Exercise directions: Take the lines from the beginning of the material through the line containing "C’est bien à" and retype them exactly, leaving the pictures out.

Material for the task:
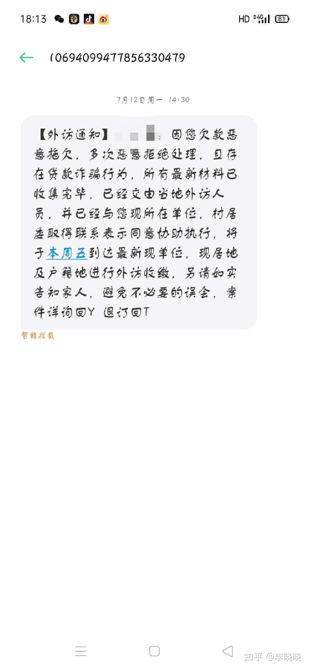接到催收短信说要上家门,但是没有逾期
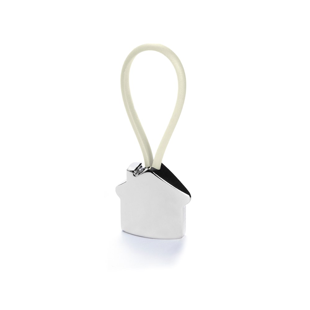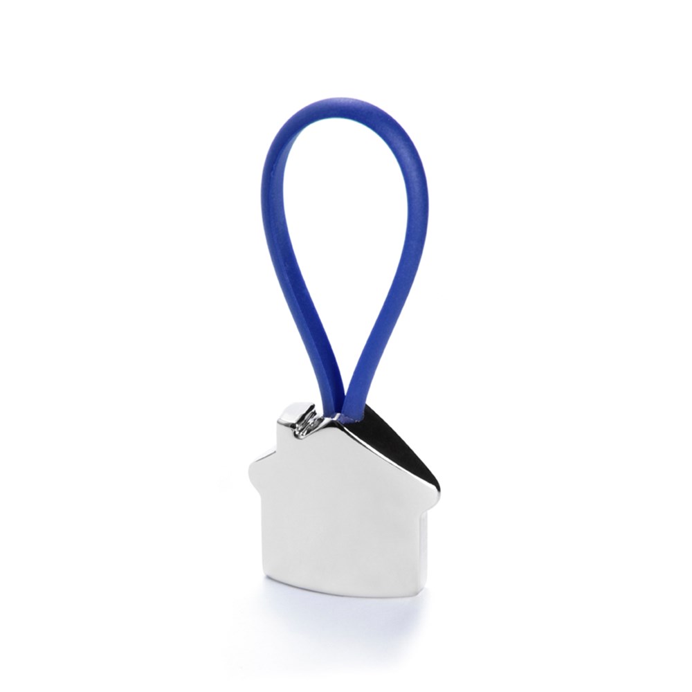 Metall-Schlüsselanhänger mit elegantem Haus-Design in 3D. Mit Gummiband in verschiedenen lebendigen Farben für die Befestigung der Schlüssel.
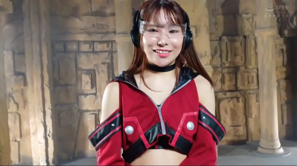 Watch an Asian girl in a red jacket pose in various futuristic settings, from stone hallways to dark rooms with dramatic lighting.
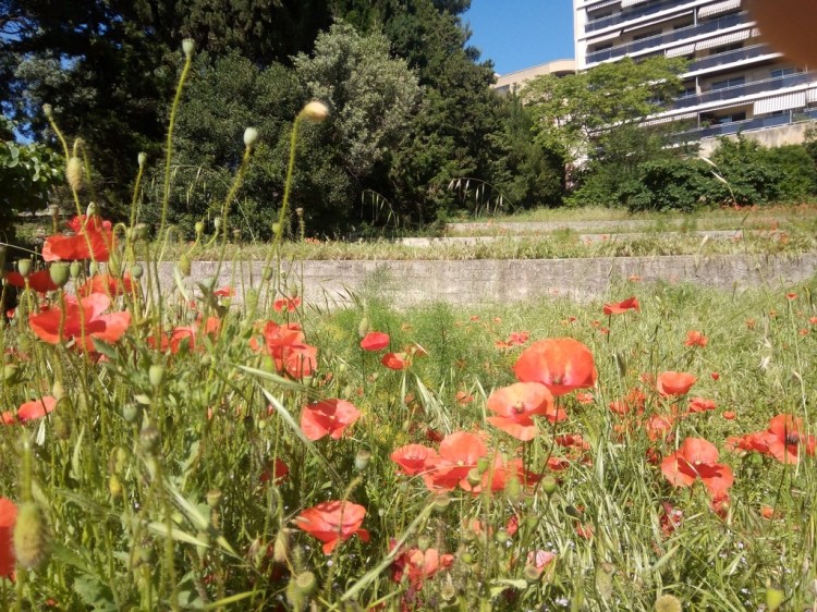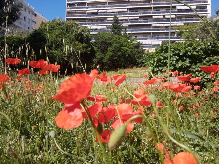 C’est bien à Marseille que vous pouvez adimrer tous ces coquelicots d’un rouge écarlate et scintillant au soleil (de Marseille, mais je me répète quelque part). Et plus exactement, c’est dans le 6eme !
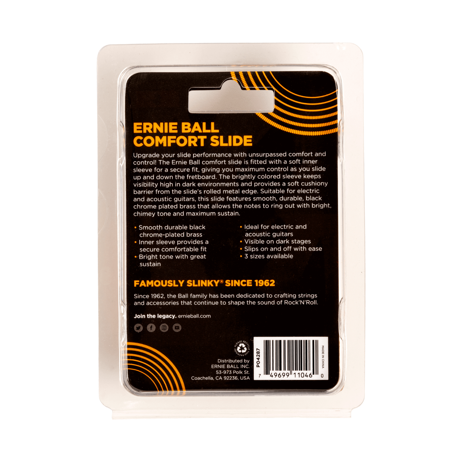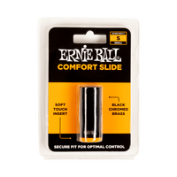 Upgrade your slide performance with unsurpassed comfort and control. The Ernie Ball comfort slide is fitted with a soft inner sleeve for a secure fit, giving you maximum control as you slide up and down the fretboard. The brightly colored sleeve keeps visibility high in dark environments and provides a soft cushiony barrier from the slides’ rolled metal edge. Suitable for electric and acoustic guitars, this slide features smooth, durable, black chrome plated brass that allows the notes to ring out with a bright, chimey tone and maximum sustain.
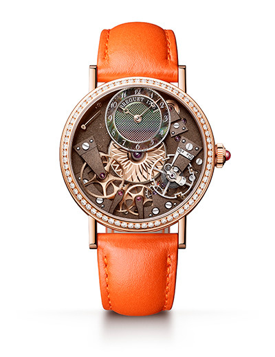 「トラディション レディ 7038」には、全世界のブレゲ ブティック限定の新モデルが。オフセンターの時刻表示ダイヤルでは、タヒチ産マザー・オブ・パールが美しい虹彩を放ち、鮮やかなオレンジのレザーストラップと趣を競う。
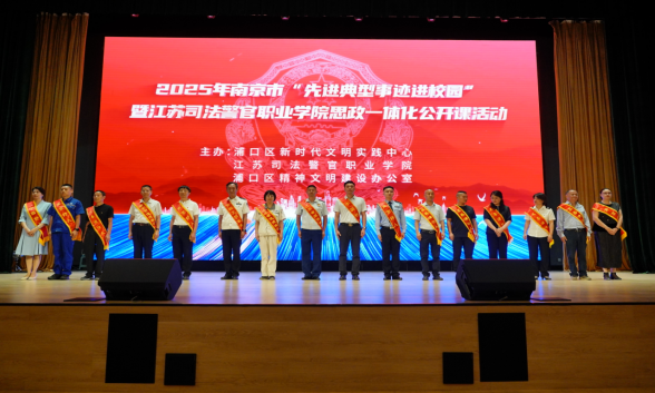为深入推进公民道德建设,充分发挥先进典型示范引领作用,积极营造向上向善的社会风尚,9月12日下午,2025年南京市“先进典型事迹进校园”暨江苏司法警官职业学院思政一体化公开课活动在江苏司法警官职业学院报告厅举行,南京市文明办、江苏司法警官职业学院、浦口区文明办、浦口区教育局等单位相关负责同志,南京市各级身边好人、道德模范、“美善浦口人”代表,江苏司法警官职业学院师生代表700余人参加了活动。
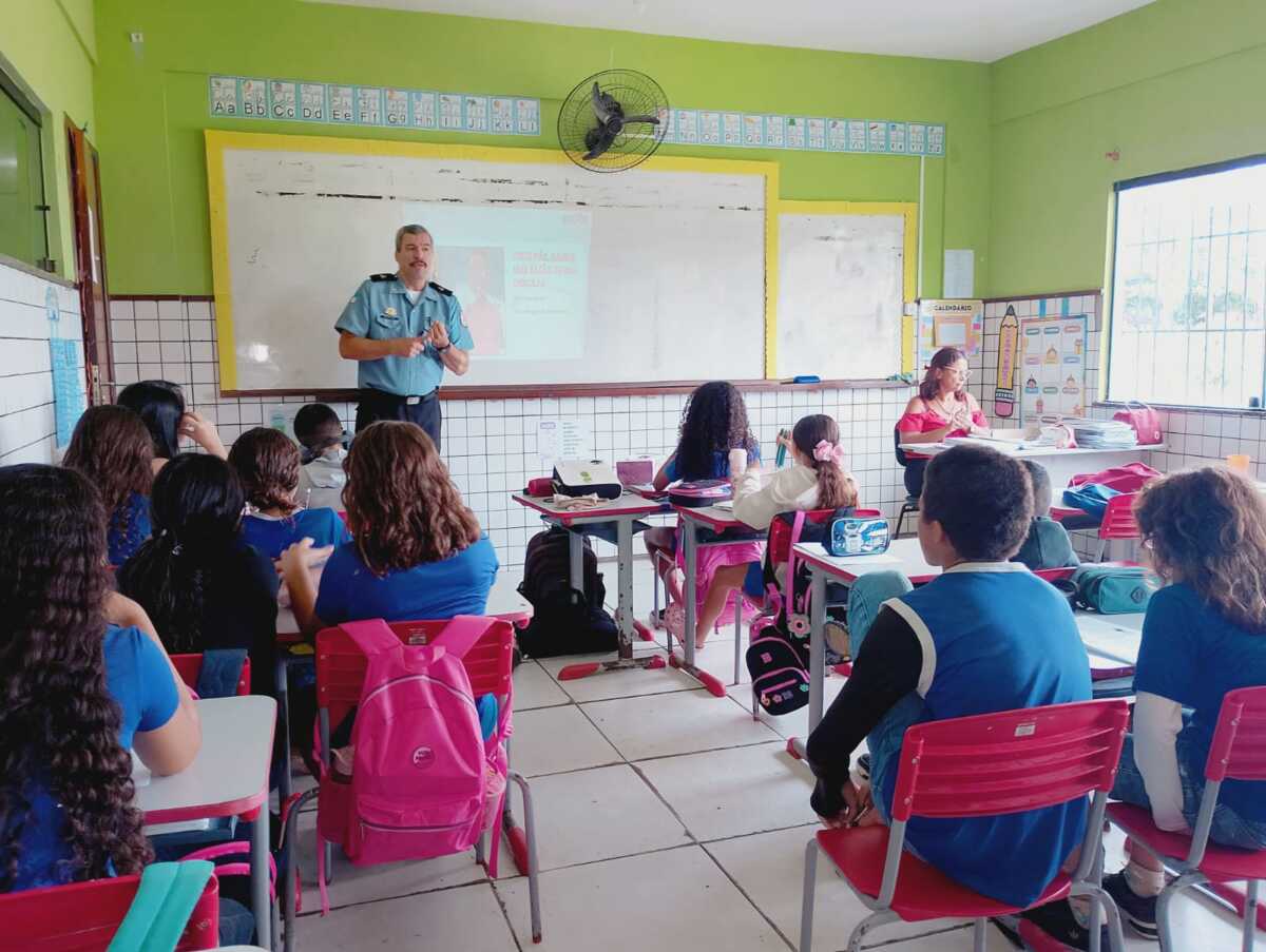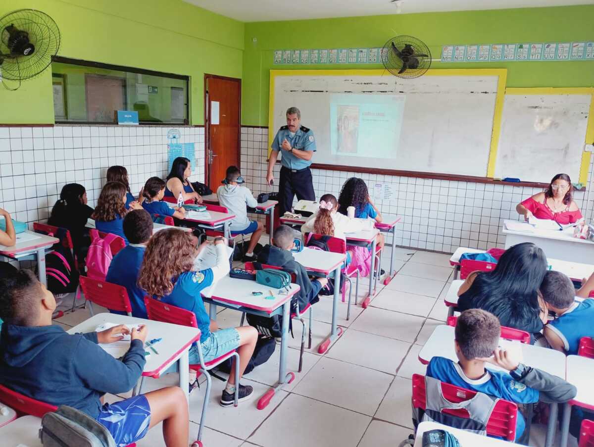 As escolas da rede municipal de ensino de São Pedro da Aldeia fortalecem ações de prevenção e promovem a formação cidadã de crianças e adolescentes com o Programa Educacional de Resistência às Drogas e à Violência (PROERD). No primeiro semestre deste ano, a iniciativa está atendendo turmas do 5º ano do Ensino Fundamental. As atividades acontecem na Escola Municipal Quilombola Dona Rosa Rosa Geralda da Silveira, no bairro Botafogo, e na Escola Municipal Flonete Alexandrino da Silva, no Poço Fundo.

Exercise answer:
接到催收短信说要上家门,但是没有逾期
 Metall-Schlüsselanhänger mit elegantem Haus-Design in 3D. Mit Gummiband in verschiedenen lebendigen Farben für die Befestigung der Schlüssel.
 Watch an Asian girl in a red jacket pose in various futuristic settings, from stone hallways to dark rooms with dramatic lighting.
 C’est bien à Marseille que vous pouvez adimrer tous ces coquelicots d’un rouge écarlate et scintillant au soleil (de Marseille, mais je me répète quelque part). Et plus exactement, c’est dans le 6eme !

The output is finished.